Installment Summary: Rachel and Santana weren't obsessive parents. Okay, maybe a little.
Author's Note: Dedicated to my girl, because she's been asking for something new ever since...well, the day after I posted the last new story.


Santana and Rachel weren't obsessive parents, thank you very much. Santana was an awesome doctor in a very successful medical clinic so she could diagnose just about anything that was wrong with their daughter. She'd had a cold and an ear infection in her first year of life, both of which were taken care of promptly. They hadn't freaked out at all. Well, not very much.

They were not obsessive. They just monitored closely.

But when Trinity hadn't spoken a single distinguishable word by her 18 month check-up, they were most definitely obsessive. Santana called the best ENT doctor she knew of and had a complete workup done – everything from hearing tests to CT scans. Puck had been interrogated, his entire family history dragged out and hashed over to find any kind of potential problem that he hadn't mentioned. There was nothing. His DNA was flawless.

Rachel and Santana found themselves sitting nervously in the doctor's office a week later to hear the results. Trinity was playing with her shapes sorter on Santana's lap while Rachel tapped her foot impatiently.

"Dear God, Santana-"

"You don't have to say my name twice."

"This is serious, Santana!" Rachel shrieked. "What if she's deaf? What if she's a mute? What if her vocal cords never fully developed? What if-"

"Stop it!" Santana hissed. "You're freaking me out. And we know she's not deaf, come on."

"Don't tell me you haven't been searching for every single cause. I know you have. You dragged your old textbooks out of storage and hid them in the hall closet."

Santana sighed. It was true. She had raided their storage locker and pulled out every single one of her textbooks from med school. When Rachel would be late coming home from her show, Santana would pull out her books and scour them for any and every cause she could find. Google would've been easier, yeah, but Santana knew that Rachel would occasionally go through the browsing history to find a link she couldn't remember and that if the history had been magically cleared it would look suspicious. This was her baby girl, damn it, she needed to know everything she could.

"Listen," Santana sighed. "It doesn't matter, okay? Whatever it is or isn't, we'll deal. We have to."

"Good news, ladies," the doctor said, stepping into the office. "Trinity is just fine." The older gentleman sat at his desk and smiled. "All of the test results came back normal for her age so, physically, there's nothing wrong."

"But she won't talk," Rachel countered. "She should have a vocabulary of at least a few words by now. I was practically speaking in sentences at her age."

"I understand, Mrs. Berry. But there could be other causes. I'm going to give you the name of a speech therapist-"

"What about autism?" Santana asked quietly.

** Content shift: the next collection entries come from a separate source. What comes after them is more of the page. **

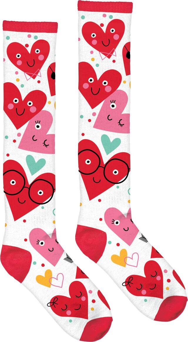 Chaussettes blanches recouvertes d'adorables personnages en forme de coeur et de points colorés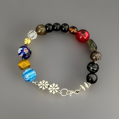 This multicoloured beaded wire bracelet with silver flower charms is a handmade piece of jewelry perfect for a festival vibe. The bracelet features a round shape with multicolor bead charms and a lobster closure. The wire chain adds a stylish touch while the silver flower charms give it a touch of elegance. This unique bracelet is sure to stand out and make a statement at any festival or event.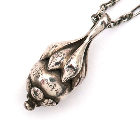 Georg Jensen halssmykke af sterling sølv i form af halskæde og vedhæng. Kæde L. 46 cm.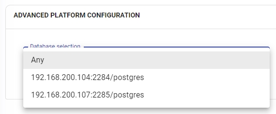 This panel lists all the CAST Storage Service/PostgreSQL instances that are available to your node instances. After installation, one instance will be listed (the instance configured during the installation process (Microsoft Windows) or provided automatically (Linux via Docker)) and this will be used to store all analysis results as well as persistence data.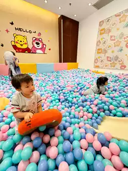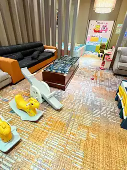 The hotel also has many children's play facilities with two large ball pools and children's pavilion, children can unwind, and the hotel lobby also has a pinball machine, racing boat racing airplane game machine 🚌Lisboy play until you can not leave😂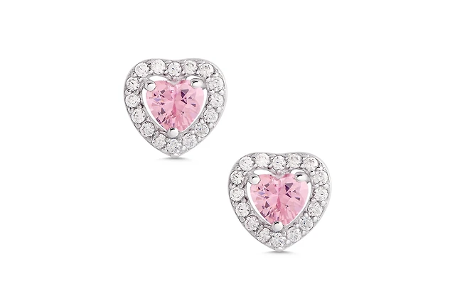 Lily Nily Girls Pink & White Cz Heart Halo Stud Earrings in Sterling Silver

It was something that had plagued her thoughts ever since she and Rachel had noticed Trinity's unwillingness to speak. Her cousin's son had been diagnosed just a few years before and one of the big indicators had been his lack of verbalization. Santana had stayed up until three in the morning listening to her cousin break down on the phone only a few months before about how she was so frustrated that her son still wouldn't communicate and would lash out in violent temper tantrums in the middle of a store when he didn't get what he wanted. Her husband was practically worthless when it came to him, he had no idea how to handle the kid and so things around the house would end up destroyed or painted on since he wasn't being watched. The conversation flooded Santana's mind as the doctor sat with his lips pursed.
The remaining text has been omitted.